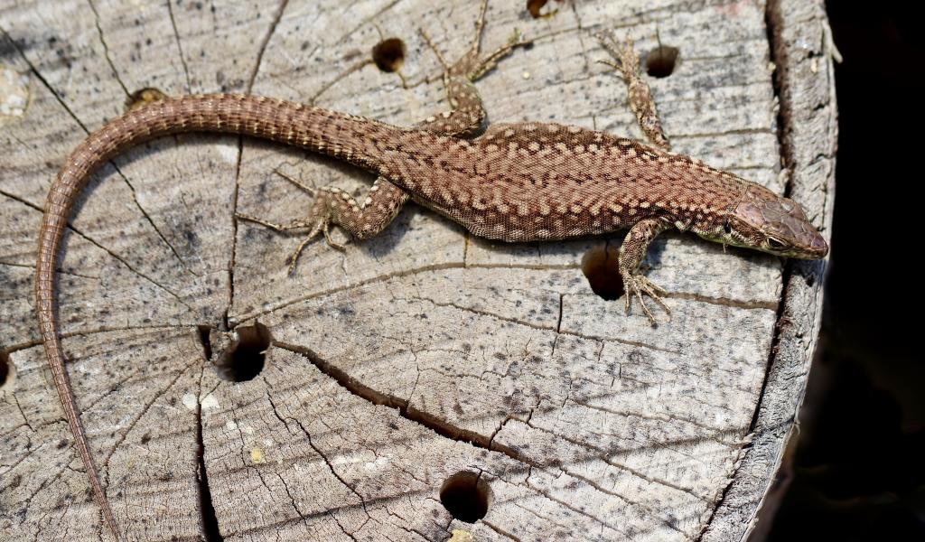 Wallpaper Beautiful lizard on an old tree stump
---
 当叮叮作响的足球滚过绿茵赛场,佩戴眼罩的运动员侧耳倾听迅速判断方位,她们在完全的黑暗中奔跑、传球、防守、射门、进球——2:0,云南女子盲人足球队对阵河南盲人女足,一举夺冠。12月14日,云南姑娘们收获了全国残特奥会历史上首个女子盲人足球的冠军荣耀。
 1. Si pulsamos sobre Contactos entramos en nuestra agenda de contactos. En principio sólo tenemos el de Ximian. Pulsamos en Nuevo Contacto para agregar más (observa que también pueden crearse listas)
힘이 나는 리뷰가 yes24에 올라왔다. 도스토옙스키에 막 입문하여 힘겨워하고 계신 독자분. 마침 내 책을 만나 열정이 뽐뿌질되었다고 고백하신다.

• _AIM OF THE TASK_
Copy out each line of the data above, exactly, if it lies between the line holding "1. Si pulsamos" and the line holding "힘이 나는 리뷰가 yes24에", inclusive; copy no other line.

• _EXERCISE RESPONSE_
 1. Si pulsamos sobre Contactos entramos en nuestra agenda de contactos. En principio sólo tenemos el de Ximian. Pulsamos en Nuevo Contacto para agregar más (observa que también pueden crearse listas)
힘이 나는 리뷰가 yes24에 올라왔다. 도스토옙스키에 막 입문하여 힘겨워하고 계신 독자분. 마침 내 책을 만나 열정이 뽐뿌질되었다고 고백하신다.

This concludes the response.